Records excerpted from a collection:
- Opening Delimiter -

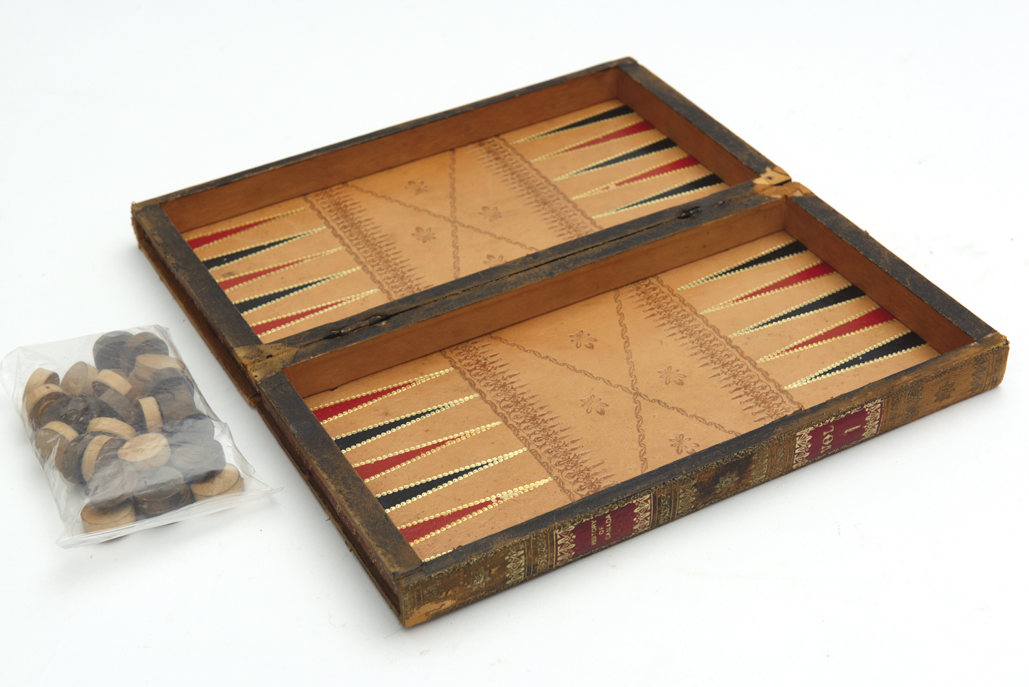A 19TH CENTURY LEATHER BOUND BOOK FORM 'HISTORY OF CANADA' FOLDING CHESS BOARD WITH WOODEN PIECES
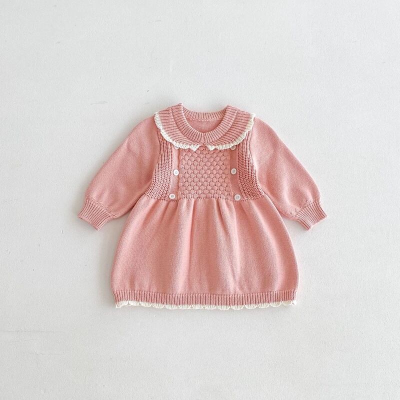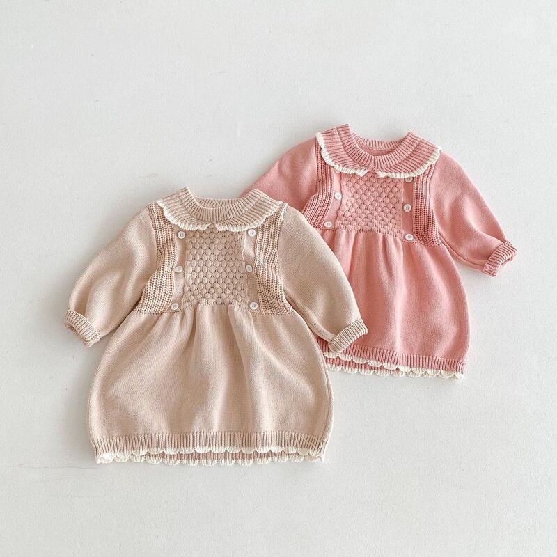 【BABY&KID】韓国風 ニット長袖ワンピース
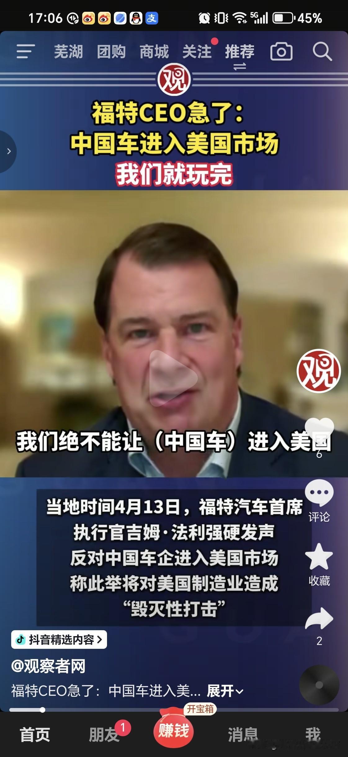 福特CEO的荒谬言论 福特汽车在行业内有造车专家的称谓,这家企业居然在社交媒体上公开组织中国国产汽车进入美国,这有一点公平竞争的精神吗? 要知道,福特汽车在中国是可以建厂和正常销售的? 而日本韩国汽车进入了美国对美国的通用和福特克莱斯勒这些汽车公司一样,产生了市场竞争和压缩,你们为什么允许日韩汽车进入美国而阻止中国汽车呢? 合资合作一起生产不行吗?
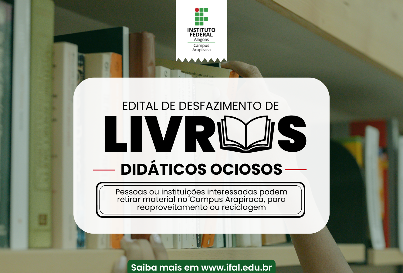 Edital de desfazimento de livros didáticos ociosos do Ifal Arapiraca prevê doação para pessoas ou instituições
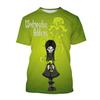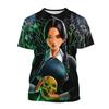 Женские футболки с коротким рукавом и повседневным кроем с 3D-принтом персонажа Уэнсдей Мерлины - Мягкая полиэстеровая ткань средней эластичности, летняя одежда свободного кроя

- Closing Delimiter -

Your answer must be an exact copy of the records, free of images.

### WORKED SOLUTION:
A 19TH CENTURY LEATHER BOUND BOOK FORM 'HISTORY OF CANADA' FOLDING CHESS BOARD WITH WOODEN PIECES
 【BABY&KID】韓国風 ニット長袖ワンピース
 福特CEO的荒谬言论 福特汽车在行业内有造车专家的称谓,这家企业居然在社交媒体上公开组织中国国产汽车进入美国,这有一点公平竞争的精神吗? 要知道,福特汽车在中国是可以建厂和正常销售的? 而日本韩国汽车进入了美国对美国的通用和福特克莱斯勒这些汽车公司一样,产生了市场竞争和压缩,你们为什么允许日韩汽车进入美国而阻止中国汽车呢? 合资合作一起生产不行吗?
 Edital de desfazimento de livros didáticos ociosos do Ifal Arapiraca prevê doação para pessoas ou instituições
 Женские футболки с коротким рукавом и повседневным кроем с 3D-принтом персонажа Уэнсдей Мерлины - Мягкая полиэстеровая ткань средней эластичности, летняя одежда свободного кроя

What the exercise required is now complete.